● To do: Among the entries below, one stretch runs from the line that contains "Oriental Rug FWR517008" through the line that contains "5月21日上午,参加市四届人". Repeat that stretch exactly, ends included, and only that.
# # # # #
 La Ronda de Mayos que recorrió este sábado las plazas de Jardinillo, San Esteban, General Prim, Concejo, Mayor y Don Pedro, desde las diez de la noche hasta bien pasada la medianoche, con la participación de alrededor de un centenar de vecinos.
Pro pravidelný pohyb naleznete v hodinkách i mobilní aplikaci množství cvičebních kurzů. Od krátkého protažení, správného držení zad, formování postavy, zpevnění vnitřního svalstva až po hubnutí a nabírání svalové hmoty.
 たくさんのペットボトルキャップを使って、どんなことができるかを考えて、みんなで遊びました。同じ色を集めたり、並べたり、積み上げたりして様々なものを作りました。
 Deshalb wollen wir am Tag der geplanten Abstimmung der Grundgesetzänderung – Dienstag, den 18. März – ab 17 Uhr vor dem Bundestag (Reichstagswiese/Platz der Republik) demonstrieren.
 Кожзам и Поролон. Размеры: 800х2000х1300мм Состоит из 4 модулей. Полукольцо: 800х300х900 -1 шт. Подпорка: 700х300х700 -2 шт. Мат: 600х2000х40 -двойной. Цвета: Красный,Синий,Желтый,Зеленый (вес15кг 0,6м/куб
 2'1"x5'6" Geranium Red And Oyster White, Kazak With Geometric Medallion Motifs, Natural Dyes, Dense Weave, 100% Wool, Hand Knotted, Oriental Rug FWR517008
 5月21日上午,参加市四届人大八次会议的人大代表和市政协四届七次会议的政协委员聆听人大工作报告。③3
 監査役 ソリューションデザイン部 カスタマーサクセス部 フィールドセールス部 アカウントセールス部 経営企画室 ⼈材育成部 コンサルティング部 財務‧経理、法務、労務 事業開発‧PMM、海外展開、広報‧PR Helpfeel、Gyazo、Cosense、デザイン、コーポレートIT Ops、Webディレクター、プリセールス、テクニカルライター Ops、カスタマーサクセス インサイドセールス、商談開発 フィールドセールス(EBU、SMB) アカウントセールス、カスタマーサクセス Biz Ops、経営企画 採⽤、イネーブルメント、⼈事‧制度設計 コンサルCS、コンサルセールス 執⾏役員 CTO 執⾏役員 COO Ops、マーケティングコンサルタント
# # # # #
● Your solution:
 2'1"x5'6" Geranium Red And Oyster White, Kazak With Geometric Medallion Motifs, Natural Dyes, Dense Weave, 100% Wool, Hand Knotted, Oriental Rug FWR517008
 5月21日上午,参加市四届人大八次会议的人大代表和市政协四届七次会议的政协委员聆听人大工作报告。③3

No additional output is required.